**Exercise**
Please retype the listing below, matching every line exactly.
[Opening Stored data section]
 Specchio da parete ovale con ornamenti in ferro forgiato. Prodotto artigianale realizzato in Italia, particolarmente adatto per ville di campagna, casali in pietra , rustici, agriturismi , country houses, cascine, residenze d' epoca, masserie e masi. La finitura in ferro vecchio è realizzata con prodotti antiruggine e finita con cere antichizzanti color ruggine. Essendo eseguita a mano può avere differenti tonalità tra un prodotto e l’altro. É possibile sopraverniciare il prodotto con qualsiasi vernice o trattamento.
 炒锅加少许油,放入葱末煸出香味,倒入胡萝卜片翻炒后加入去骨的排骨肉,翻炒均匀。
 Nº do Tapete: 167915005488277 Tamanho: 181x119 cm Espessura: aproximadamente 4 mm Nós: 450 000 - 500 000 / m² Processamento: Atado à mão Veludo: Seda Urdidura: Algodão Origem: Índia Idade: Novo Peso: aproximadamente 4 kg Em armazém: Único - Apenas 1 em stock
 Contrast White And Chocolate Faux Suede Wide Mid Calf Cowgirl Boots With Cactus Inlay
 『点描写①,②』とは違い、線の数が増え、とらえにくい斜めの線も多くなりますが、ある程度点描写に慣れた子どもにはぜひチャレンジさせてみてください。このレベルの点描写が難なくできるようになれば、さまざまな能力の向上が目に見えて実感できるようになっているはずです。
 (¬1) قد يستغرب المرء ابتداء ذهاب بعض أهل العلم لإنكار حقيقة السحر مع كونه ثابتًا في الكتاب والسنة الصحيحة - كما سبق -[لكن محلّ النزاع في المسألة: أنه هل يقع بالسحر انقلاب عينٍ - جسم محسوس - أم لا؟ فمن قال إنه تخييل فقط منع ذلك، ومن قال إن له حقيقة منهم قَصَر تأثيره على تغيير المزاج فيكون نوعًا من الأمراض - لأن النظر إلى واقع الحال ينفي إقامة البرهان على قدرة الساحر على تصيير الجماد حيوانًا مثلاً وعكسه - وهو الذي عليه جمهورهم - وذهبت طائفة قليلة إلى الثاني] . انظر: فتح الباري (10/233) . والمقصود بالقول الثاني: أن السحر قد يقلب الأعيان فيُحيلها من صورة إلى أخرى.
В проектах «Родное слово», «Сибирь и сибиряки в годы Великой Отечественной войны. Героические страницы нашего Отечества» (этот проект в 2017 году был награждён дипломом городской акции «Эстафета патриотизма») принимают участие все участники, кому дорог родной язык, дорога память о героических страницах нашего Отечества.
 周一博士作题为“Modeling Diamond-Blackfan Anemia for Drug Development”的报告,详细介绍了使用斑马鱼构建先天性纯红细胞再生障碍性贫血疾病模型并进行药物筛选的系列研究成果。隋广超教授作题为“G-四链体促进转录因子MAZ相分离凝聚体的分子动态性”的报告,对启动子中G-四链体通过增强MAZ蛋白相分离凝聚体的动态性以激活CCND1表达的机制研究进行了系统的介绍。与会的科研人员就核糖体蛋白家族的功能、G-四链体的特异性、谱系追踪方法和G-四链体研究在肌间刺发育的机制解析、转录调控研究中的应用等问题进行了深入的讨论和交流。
[Closing Stored data section]
**Exercise response**
 Specchio da parete ovale con ornamenti in ferro forgiato. Prodotto artigianale realizzato in Italia, particolarmente adatto per ville di campagna, casali in pietra , rustici, agriturismi , country houses, cascine, residenze d' epoca, masserie e masi. La finitura in ferro vecchio è realizzata con prodotti antiruggine e finita con cere antichizzanti color ruggine. Essendo eseguita a mano può avere differenti tonalità tra un prodotto e l’altro. É possibile sopraverniciare il prodotto con qualsiasi vernice o trattamento.
 炒锅加少许油,放入葱末煸出香味,倒入胡萝卜片翻炒后加入去骨的排骨肉,翻炒均匀。
 Nº do Tapete: 167915005488277 Tamanho: 181x119 cm Espessura: aproximadamente 4 mm Nós: 450 000 - 500 000 / m² Processamento: Atado à mão Veludo: Seda Urdidura: Algodão Origem: Índia Idade: Novo Peso: aproximadamente 4 kg Em armazém: Único - Apenas 1 em stock
 Contrast White And Chocolate Faux Suede Wide Mid Calf Cowgirl Boots With Cactus Inlay
 『点描写①,②』とは違い、線の数が増え、とらえにくい斜めの線も多くなりますが、ある程度点描写に慣れた子どもにはぜひチャレンジさせてみてください。このレベルの点描写が難なくできるようになれば、さまざまな能力の向上が目に見えて実感できるようになっているはずです。
 (¬1) قد يستغرب المرء ابتداء ذهاب بعض أهل العلم لإنكار حقيقة السحر مع كونه ثابتًا في الكتاب والسنة الصحيحة - كما سبق -[لكن محلّ النزاع في المسألة: أنه هل يقع بالسحر انقلاب عينٍ - جسم محسوس - أم لا؟ فمن قال إنه تخييل فقط منع ذلك، ومن قال إن له حقيقة منهم قَصَر تأثيره على تغيير المزاج فيكون نوعًا من الأمراض - لأن النظر إلى واقع الحال ينفي إقامة البرهان على قدرة الساحر على تصيير الجماد حيوانًا مثلاً وعكسه - وهو الذي عليه جمهورهم - وذهبت طائفة قليلة إلى الثاني] . انظر: فتح الباري (10/233) . والمقصود بالقول الثاني: أن السحر قد يقلب الأعيان فيُحيلها من صورة إلى أخرى.
В проектах «Родное слово», «Сибирь и сибиряки в годы Великой Отечественной войны. Героические страницы нашего Отечества» (этот проект в 2017 году был награждён дипломом городской акции «Эстафета патриотизма») принимают участие все участники, кому дорог родной язык, дорога память о героических страницах нашего Отечества.
 周一博士作题为“Modeling Diamond-Blackfan Anemia for Drug Development”的报告,详细介绍了使用斑马鱼构建先天性纯红细胞再生障碍性贫血疾病模型并进行药物筛选的系列研究成果。隋广超教授作题为“G-四链体促进转录因子MAZ相分离凝聚体的分子动态性”的报告,对启动子中G-四链体通过增强MAZ蛋白相分离凝聚体的动态性以激活CCND1表达的机制研究进行了系统的介绍。与会的科研人员就核糖体蛋白家族的功能、G-四链体的特异性、谱系追踪方法和G-四链体研究在肌间刺发育的机制解析、转录调控研究中的应用等问题进行了深入的讨论和交流。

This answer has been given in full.